- [Goal of the exercise]:
With the pictures excluded, retype the records that follow exactly.

- [Records]:
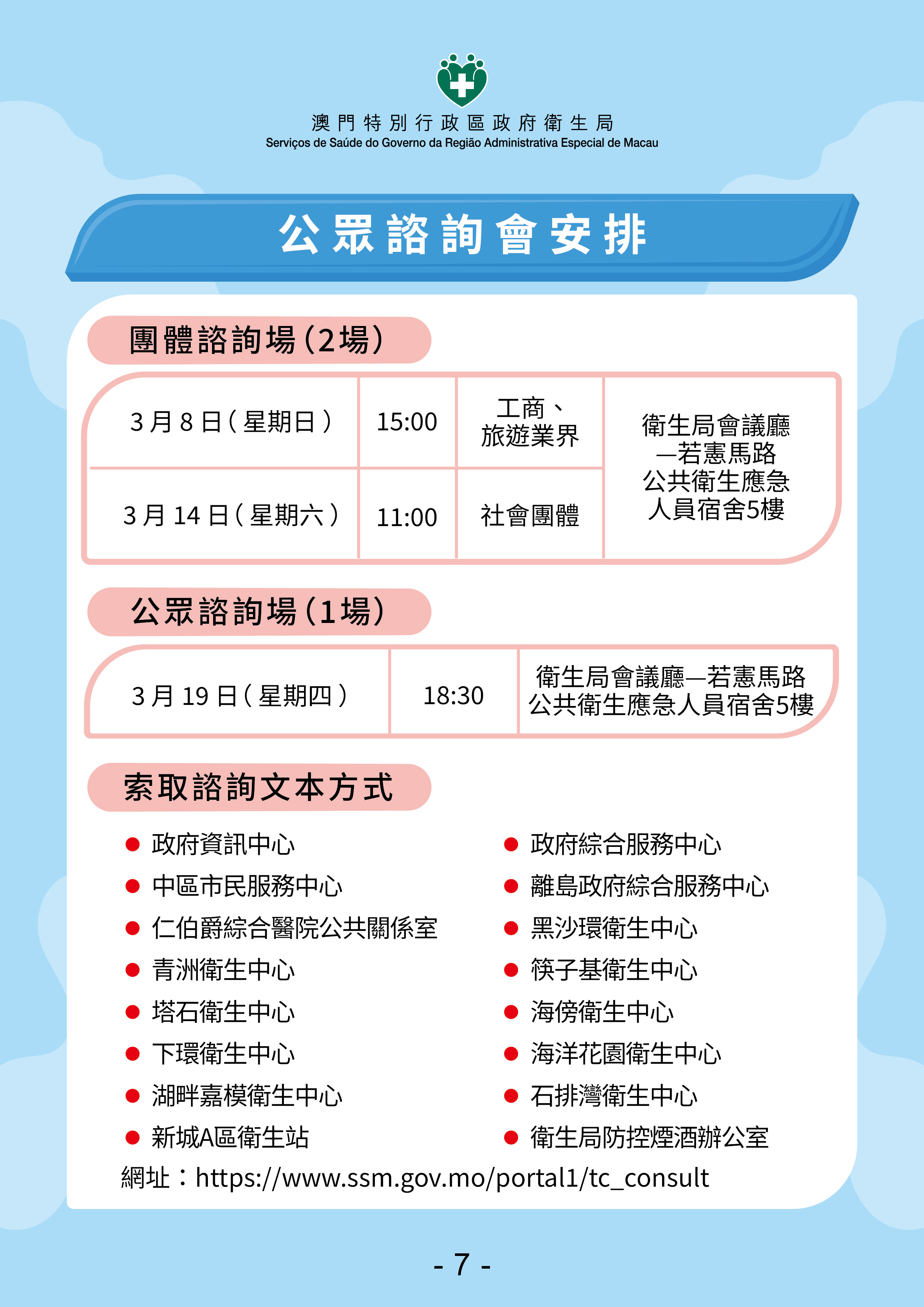 此外,3月19日下午6时30分于卫生局会议厅(若宪马路公共卫生应急人员宿舍5楼)举行“公众专场”咨询会,有意参与者请于专题网页预先登记。
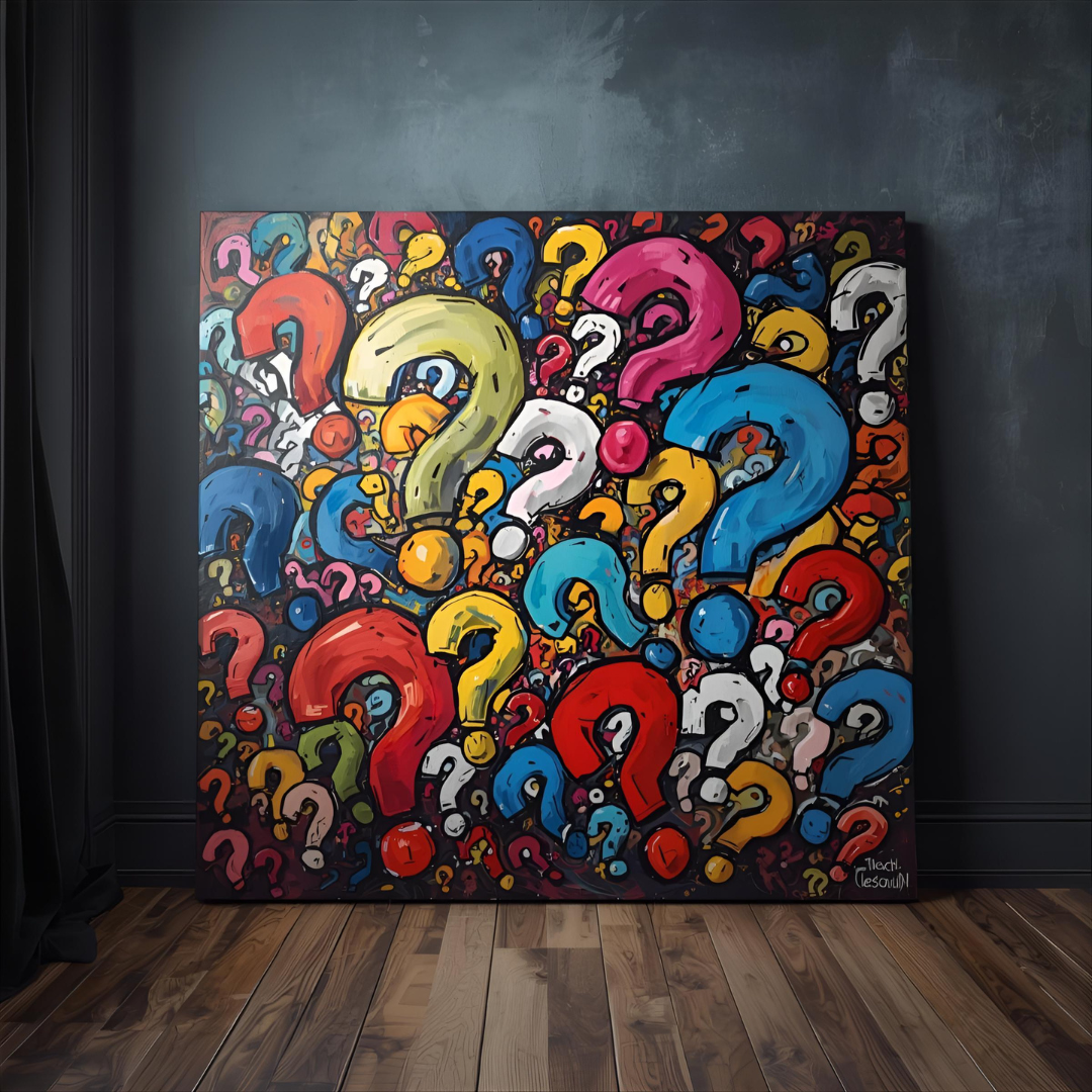 無料写真、ハテナが描かれたキャンパス
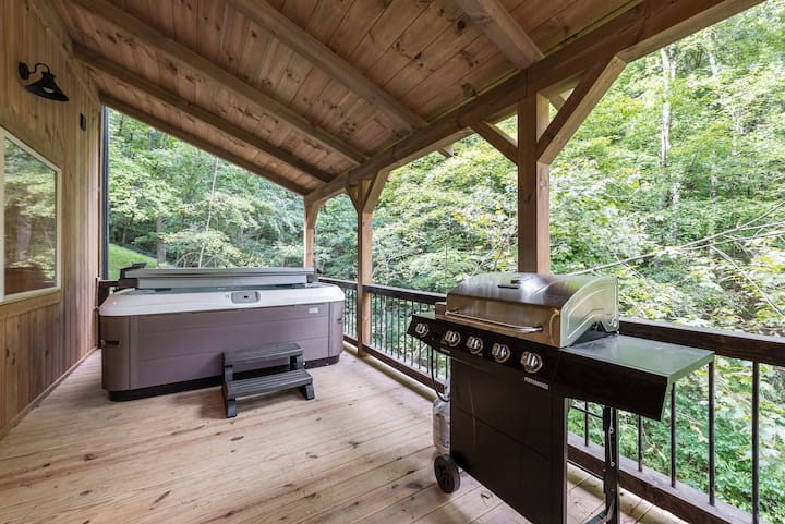 After exploring the nearby state park, filled with captivating waterfalls and caves, rejuvenate in the outdoor hot tub. Let its soothing waters melt away the day's fatigue as you revel in the tranquility of nature.
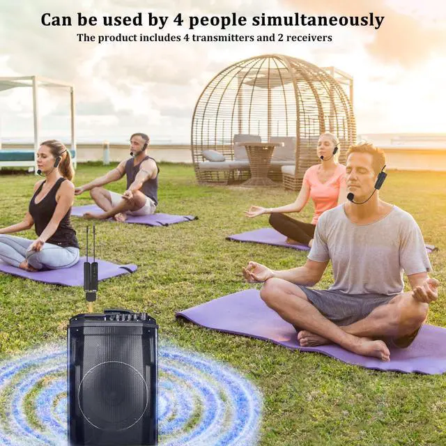 Wireless Microphone System for 4 People, 2.4G Wireless Headset Mics and Handheld Mics 2 in 1, Ideal for Speakers, Voice Amplifier, PA System, Teacher, Tour Guides, Fitness Instructor
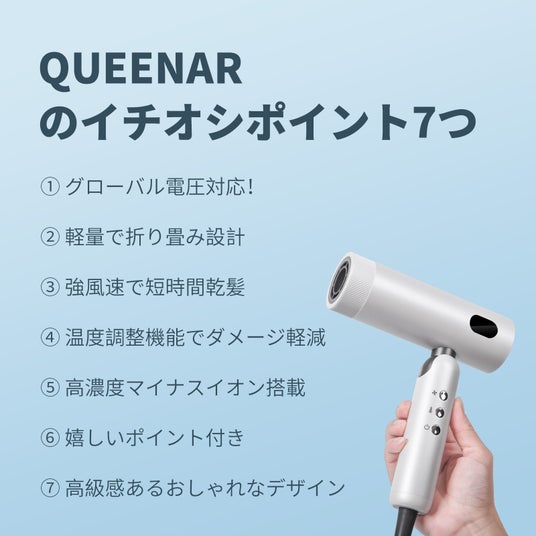 高温の風が髪を乾かす時代は終わりました。QUEENAR高速ドライヤーは4段階の温度モード搭載、地肌に優しい低温モードから速乾ハイパワーモードまで、髪質を守りながら理想のスタイルを完成させます。
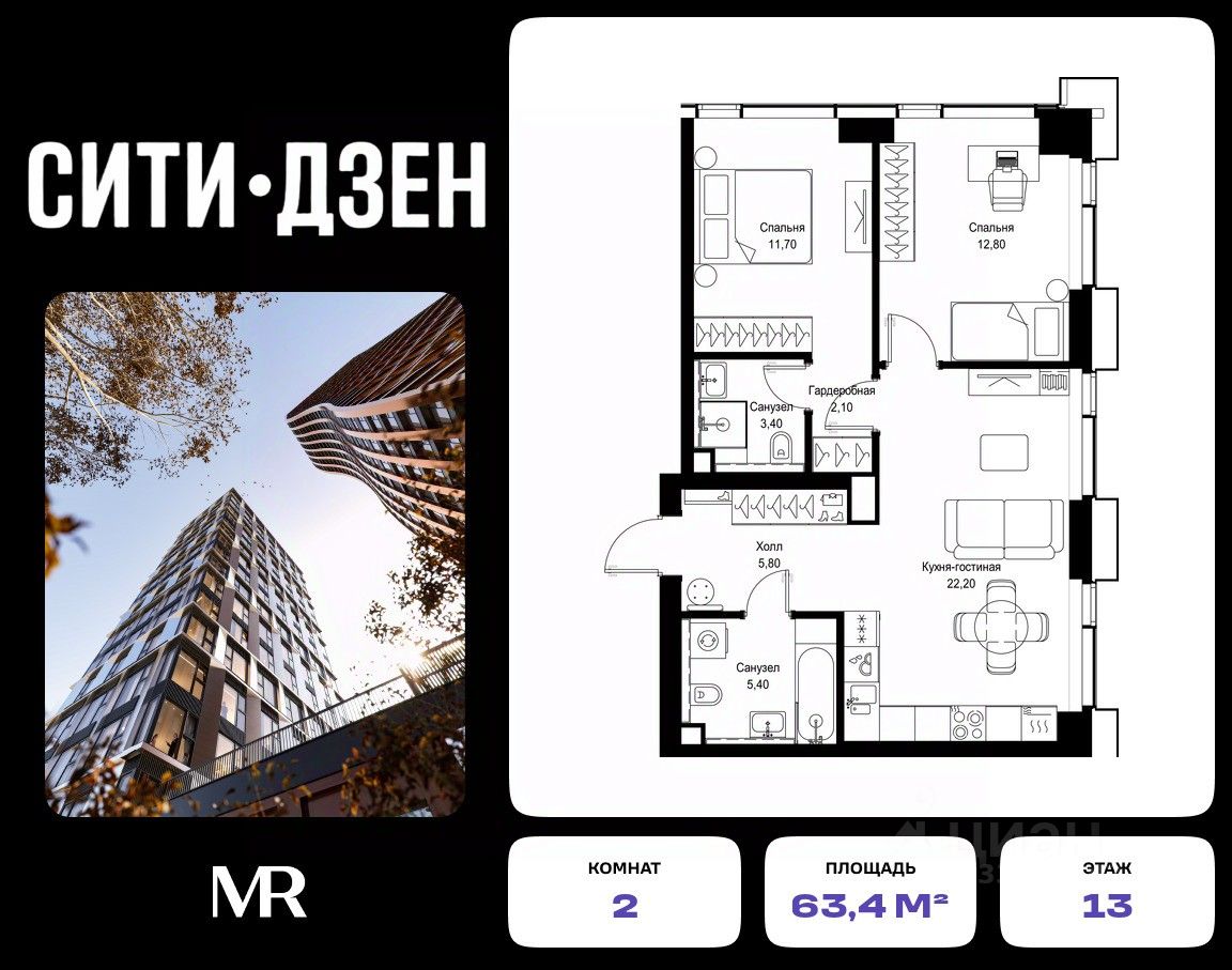 Продается 2-комнатная квартира от застройщика в жилом мультиквартале СИТИДЗЕН на 13-м этаже в корпусе #6. Общая площадь лота составляет 63.40 м²
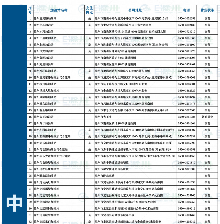 中石油滁州公司新增站點:
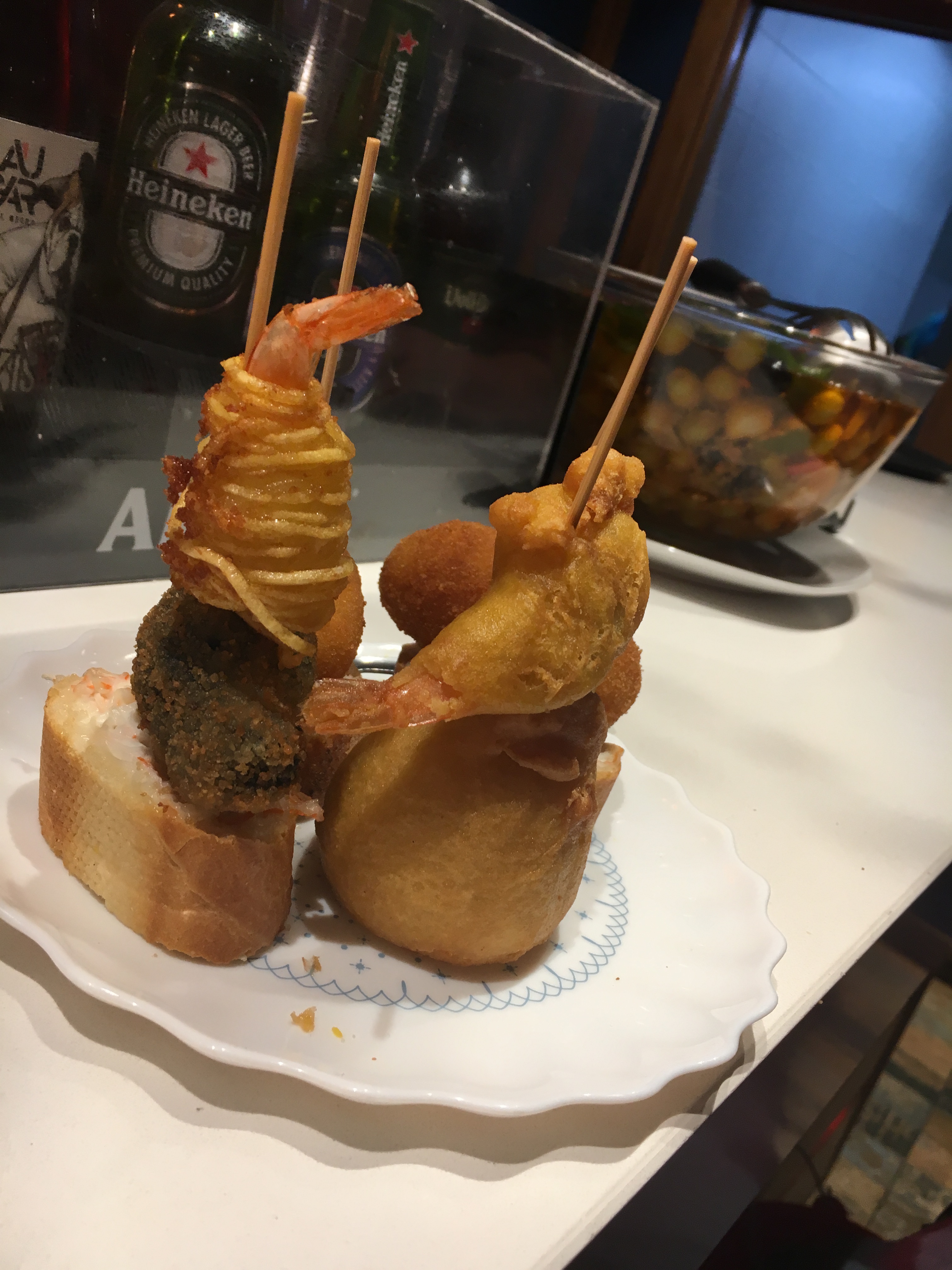 Pela Calle Bidebarrieta entramos no centro histórico com suas ruazinhas pequenas tomadas por lojinhas e restaurantes. Chegamos à Plaza Barria, uma área de bares de pintxos e por ali ficamos. Pulamos de bar em bar experimentando um pouco de cada um.
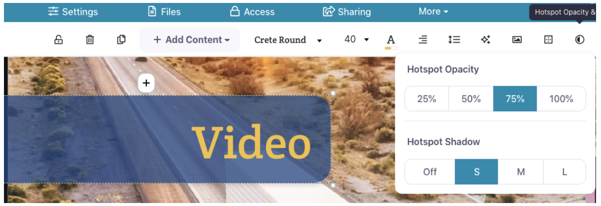 Opacity will reduce the opacity of the hotspot background to the specified amount. Hotspot background is everything except text – in other words, the hotspot image, fill color, and any borders you’ve applied.

- [Solution to this problem]:
 此外,3月19日下午6时30分于卫生局会议厅(若宪马路公共卫生应急人员宿舍5楼)举行“公众专场”咨询会,有意参与者请于专题网页预先登记。
 無料写真、ハテナが描かれたキャンパス
 After exploring the nearby state park, filled with captivating waterfalls and caves, rejuvenate in the outdoor hot tub. Let its soothing waters melt away the day's fatigue as you revel in the tranquility of nature.
 Wireless Microphone System for 4 People, 2.4G Wireless Headset Mics and Handheld Mics 2 in 1, Ideal for Speakers, Voice Amplifier, PA System, Teacher, Tour Guides, Fitness Instructor
 高温の風が髪を乾かす時代は終わりました。QUEENAR高速ドライヤーは4段階の温度モード搭載、地肌に優しい低温モードから速乾ハイパワーモードまで、髪質を守りながら理想のスタイルを完成させます。
 Продается 2-комнатная квартира от застройщика в жилом мультиквартале СИТИДЗЕН на 13-м этаже в корпусе #6. Общая площадь лота составляет 63.40 м²
 中石油滁州公司新增站點:
 Pela Calle Bidebarrieta entramos no centro histórico com suas ruazinhas pequenas tomadas por lojinhas e restaurantes. Chegamos à Plaza Barria, uma área de bares de pintxos e por ali ficamos. Pulamos de bar em bar experimentando um pouco de cada um.
 Opacity will reduce the opacity of the hotspot background to the specified amount. Hotspot background is everything except text – in other words, the hotspot image, fill color, and any borders you’ve applied.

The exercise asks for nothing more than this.